Furthermore, ex vivo fluorescence microscopy was used to validate the precision of in vivo MRI for glioma detection. Microscopy images displayed that the contrast agent concentrated in the glioma tumor, but not in the contralateral brain tissue (Figure 4A and 4B). Fluorescence microscopy at micrometer spatial resolution was performed ensuing lectin staining to identify vessel lumen and DAPI staining to identify viable cellularity (Figure 4C-4F). The multicolor microscopy images of the glioma indicated that the nanoparticles extravasated across the vessel lumen. Further, the images of the contralateral tissue demonstrated that no nanoparticles extravasate into normal brain tissues while they prevailed in the vessel lumen. This result further demonstrates that use of nanoparticulate dendrimer agents for the development of new imaging agents are more advantages in detecting gliomas [14,17].

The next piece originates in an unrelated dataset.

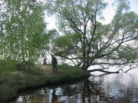 Ради душевного покоя поплыли дальше к машине. По пути попались рыбаки, успокоившие нас сообщением, что «четверка» стоит на месте. Тем не менее, мы доплыли до нее, чего-то извлекли забытое из багажника, а затем я дозвонился до своей работы, где меня тоже успокоили относительно состояния метеолокатора. И мы приняли решение заночевать на облюбованном месте. Ради таких ночевок и стоит затевать столь отдаленные путешествия.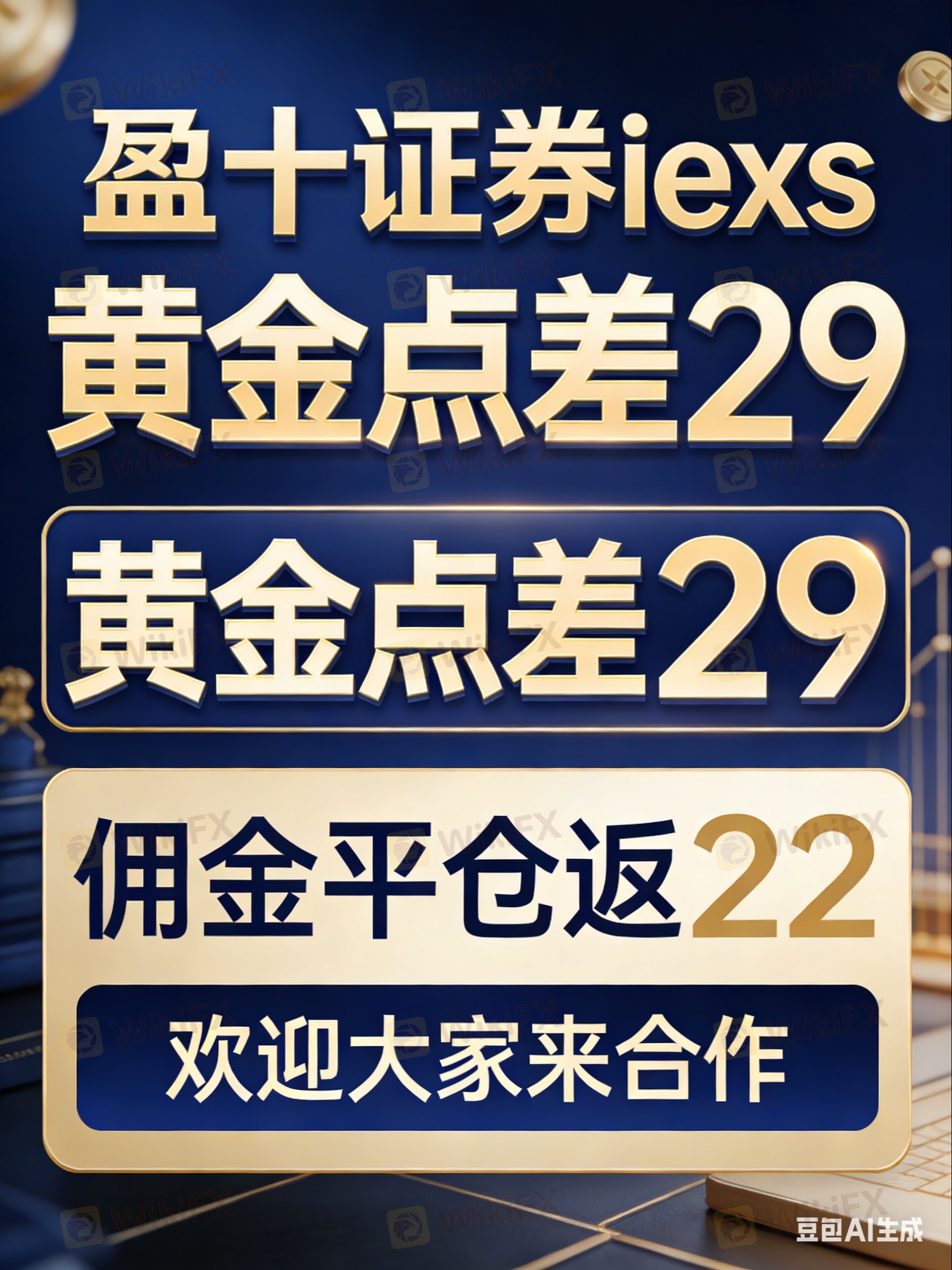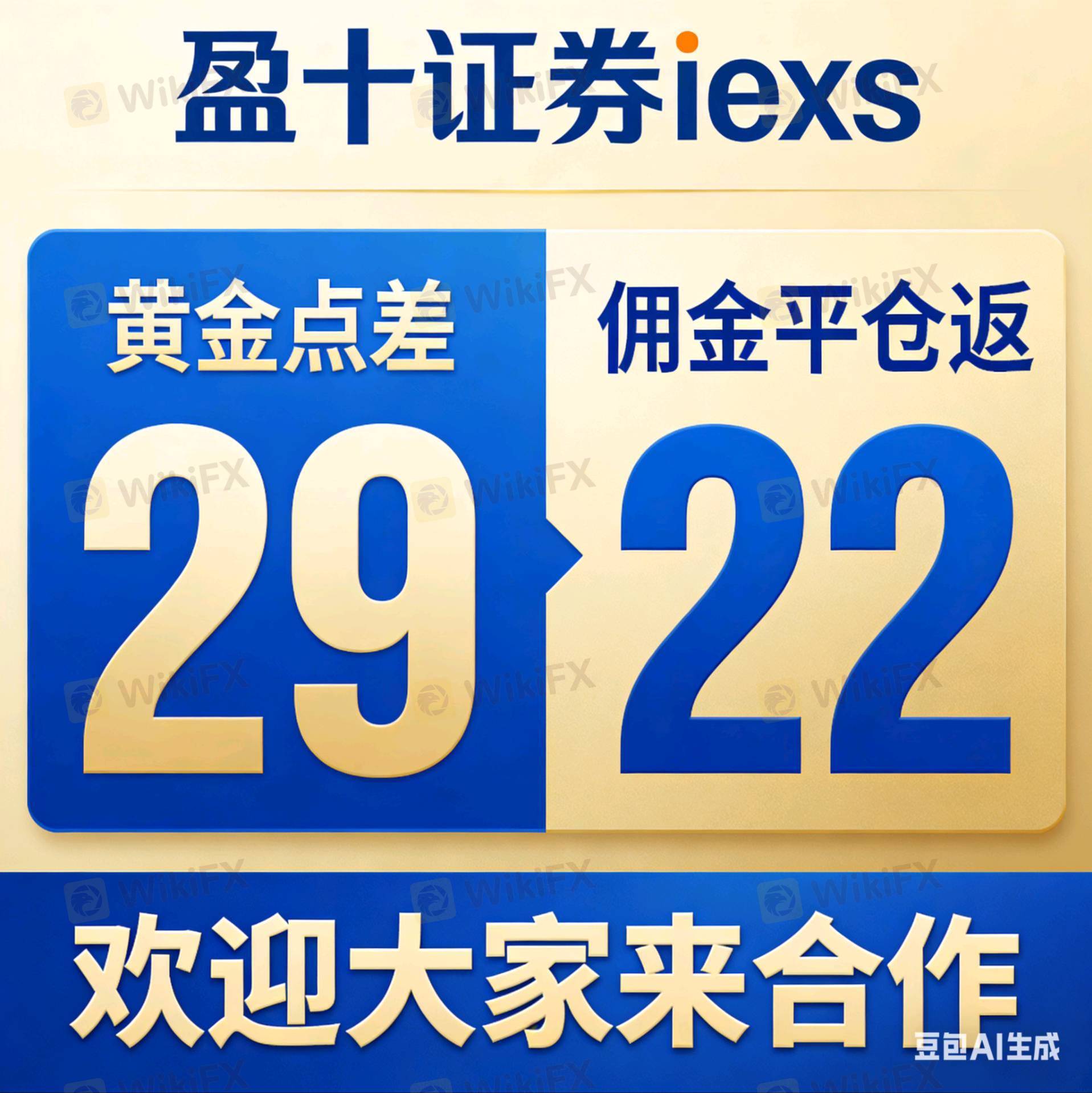 3. 盈十IEXS黄金福利:点差29,平仓即返22佣金,交易省心、返佣给力,欢迎对接!

nanomedicine-nanotechnology-strong-pervasive-agent

Figure 4: A) Strong, pervasive distribution of the agent was visualized in tumor tissue, B) and weak, focal distribution was visualized in the contralateral tissue. A high-resolution view showed that C) Eu-DOTA-Gly4-G5-DL680 nanoparticle extravasated across the endothlium in tumor tissue, D) but not in contralateral tissue. (E and F) Overlays of fluorescence from the agent, lectin staining of endothelium, and DAPI staining for viable cellularity validated the spatial distribution of the NPs observed in panels C and D. The exposure time for tumor area and contralateral brain was kept identical. The images of panels D and F were enhanced to show fluorescent activity in the vessels.

Nonetheless, these successes with lipid-insoluble spherical nanoparticle formulations argues that a combination of targeted therapeutic approaches with nanoparticle formulations can be used to develop “active” dendrimer-based nanoparticles. Keeping this in mind, the surface of dendrimer-based carriers was modified with ligands that can specifically recognize the transferrin receptors that are overexpressed in endothelial cells in brain tumor tissue [28]. This strategy functions by interacting between the ligands (antibodies, peptide mimics, or nucleic acids) on the carrier surface and overexpressed receptors on the tumor cells [29]. However, these approaches have received very limited clinical success due to heterogeneous nature of cancer [30-32].

Conclusion

In conclusion, a dual mode MRI-optical strategy is a useful method for in vivo biomedical imaging, as noninvasive high resolution anatomical images can be obtained using MRI, while microscopic details in post mortem pathological tissues can be obtained by fluorescence imaging.

Acknowledgments

This work was supported by grant from the National Institutes of Health (RO1CA206190 to MMA).